A report compiled by the Government Accountability Office (GAO) stated that, “the 18 food assistance programs show signs of program overlap, which can create unnecessary work and lead to inefficient use of resources.”  Indeed, administrative costs equal about $5.5 billion per year, or about 10 percent of the value of food stamps distributed. 

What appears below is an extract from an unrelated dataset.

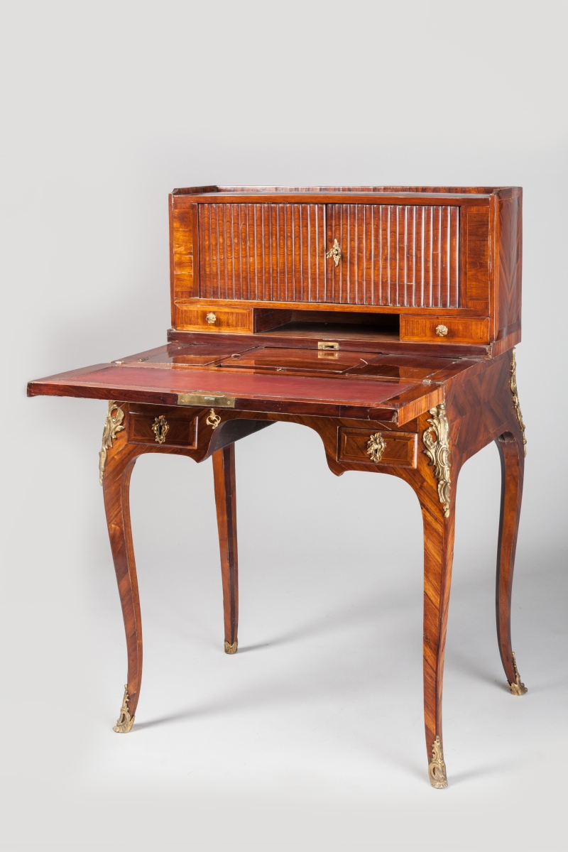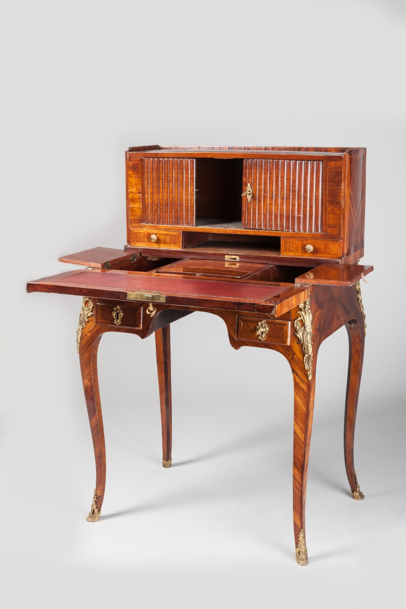 BONHEUR du JOUR en bois de placage et marqueterie toutes faces, en satiné et bois de rose. Il présente un gradin à portes à rideaux coulissants, reposant sur deux tiroirs et une niche. Il ouvre à un abattant dissimulant un plateau coulissant encadré de deux caissons. Deux petits tiroirs en façade. Piètement galbé.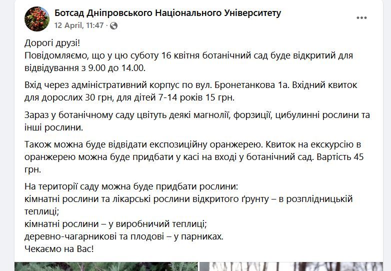 16 апреля ботсад будет снова принимать посетителей с 9:00 до 14:00. Вход через административный корпус по улице Бронетанковая, 1а. Билет для взрослых стоит 30 гривен, а для детей 7-14 лет - 15 гривен.

7. They Lack Effective Work Requirements

On top of loosening eligibility requirements in both the 2002 and 2008 Farm Bills, and easing restrictions on states to qualify participants in the 90s, the 2009 Stimulus plan suspended the SNAP’s work requirements for able-bodied adults without dependents (ABAWDs), a ‘temporary’ suspension that has continually been renewed. This creates an incentive for individuals to not work, because such action would likely jeopardize their eligibility for food stamps. According to the Congressional Research Service, participation in SNAP has doubled among these ABAWDs- from 1.9 million to 3.9 million – far outpacing general enrollment increases.  This change allows individuals to stay on food stamps with less incentive to improve their economic situation, draining taxpayers and discouraging self-reliance. 

8. They Create Dependency

The goal of any government welfare program should be to get people back on their feet, not to keep them in poverty and hunger. Current food stamp programs have little work required as a condition of assistance, encouraging the relatively well off to freeload off the system and those in need to remain in poverty. 

9. They Have Become a Burden on Taxpayers 

While a large share of the rise in food stamp enrollment is due to our economic downturn, over-active advertising and loosening of eligibility requirements have permanently (unless reformed) enlarged food stamp programs. The CBO projects that by 2022, 34 million people will be enrolled in SNAP and expenditures will total $73 billion, much higher than $19.8 billion spent in 2000. 

10. They Should Be Handled by States 

Currently, SNAP’s funding comes completely from the federal government, encouraging states to enroll as many people as possible. In fact, in the states’ view, there is little or no problem if food stamps are being abused; it is not “their” problem. This only leads to increasing costs.  States can also use what’s called “categorical eligibility” for SNAP in which they determine eligibility not on the program’s income or asset limitations but on individual’s participation in other welfare assistance programs. This usually leads to relaxed standards.  Sending the money directly to states as block-grants would give states more flexibility and encourage them to minimize cost and maximize effectiveness, as proven by the successful welfare reforms of the 1990s.